I just joined and I'm looking forward to talking to you all. I have a cat ShaeLin, two new kittens Lacey and Snickers, and I feel I should mention our other four-leg family member, our dog Haley.


----------



## Spiffy_x (May 23, 2008)

Welcome! My cat boobah says hi.
Hope you enjoy the site!


----------



## LilRed (Jul 16, 2008)

Welcome! Looking forward to seeing some pics of your pets!!!


----------



## oklahomegrownveg (May 31, 2008)

A big HELLO and welcome from me and the boys.  

Mick


----------



## DesnBaby (Apr 18, 2004)

Show us some pictures of your kitties! :wink:


----------



## My4Cats (Jul 26, 2008)

DesnBaby said:


> Show us some pictures of your kitties! :wink:


The black kitten is Lacey and the gray kitten is Snickers.









ShaeLin is our adult cat. 









ShaeLin is not the mother to these kittens, but she's a great adoptive mother!

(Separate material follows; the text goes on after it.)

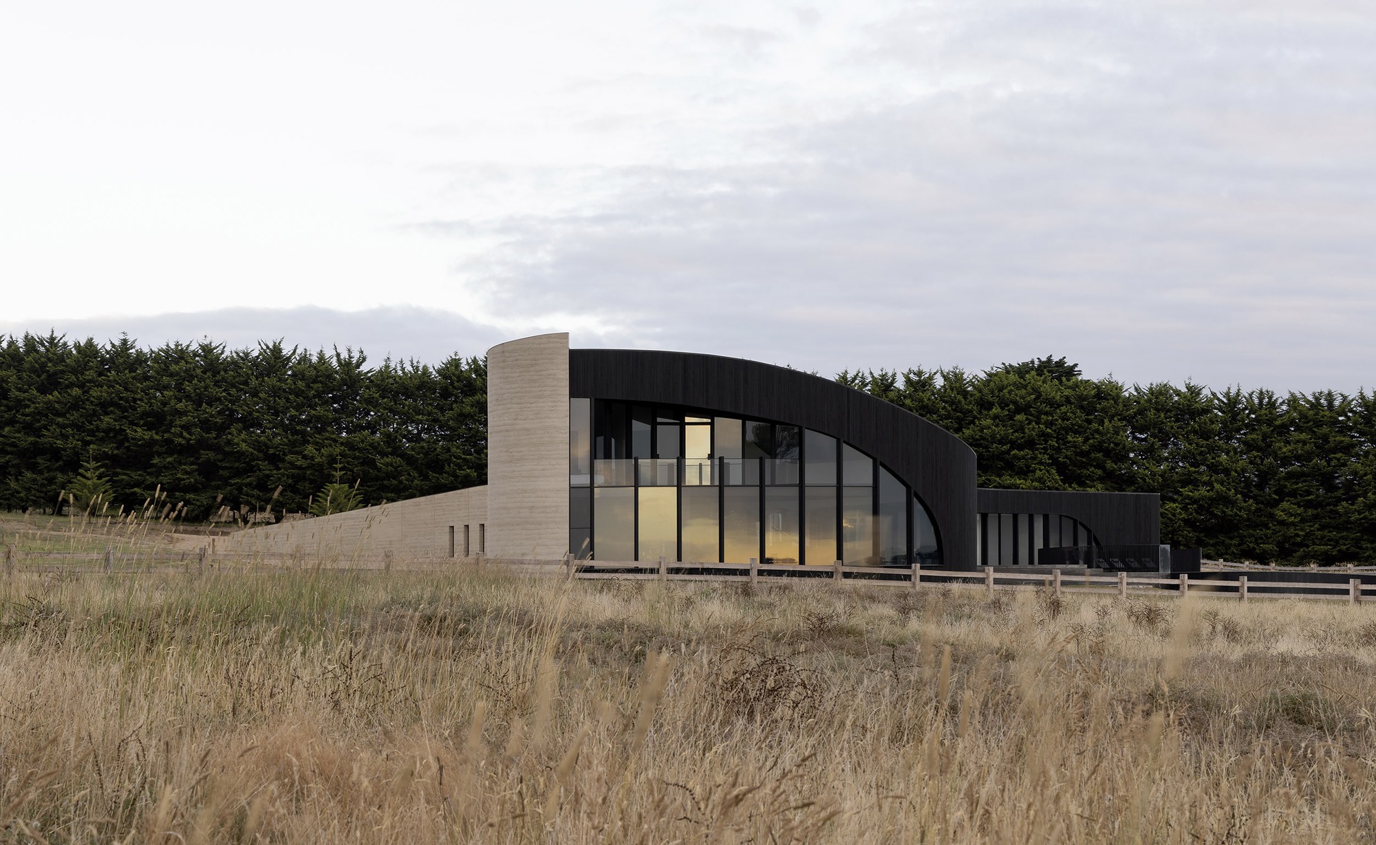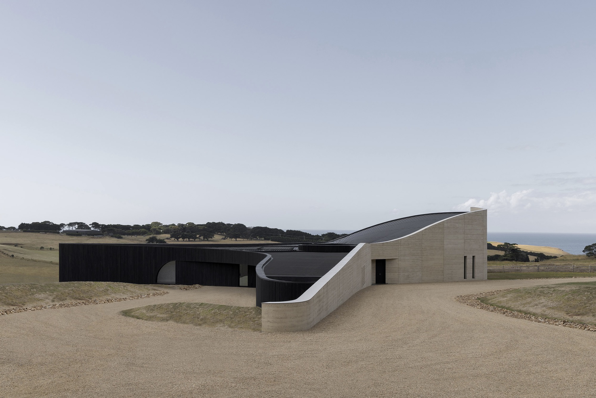 As an artistic architectural response to Australia’s coastline and the contours of the rural landscape, Peninsula House forms a dramatic sculptural relic, weathered by its context. The dwelling is located on the high point of the site, overlooking a coastal stretch of Flinders with Bass Strait beyond. Approached along a meandering driveway, a ribbon of rammed earth rises monumentally 10 meters into the air, wrapping behind the dwelling before gradually tapering and returning to the landscape. The elevation has minimal glazing and considerable thermal mass – stabilizing the heat from the afternoon sun. A notch midway along the wall forms a shadow line, subtly defining the entry.

Thank you to all that have made me feel welcome.

Lori


----------



## Kittys Mom (May 7, 2004)

Love the pictures!


----------



## LilRed (Jul 16, 2008)

Welcome!! They're all cute!!!


----------



## DesnBaby (Apr 18, 2004)

Adorable babies!


----------



## ZAR (Aug 26, 2005)

Hello and welcome, lovely cats you have there


----------



## Heidi n Q (Nov 22, 2006)

Wow! Shae has the most beautiful orange eyes I've ever seen! All of my cats(except one blue-eyed meezer mix) have had green eyes.
heidi


----------



## talullah (May 25, 2008)

Hi neighbor! Alabamian over here too.

Your kitties are PERFECT of course! Glad you're here!


----------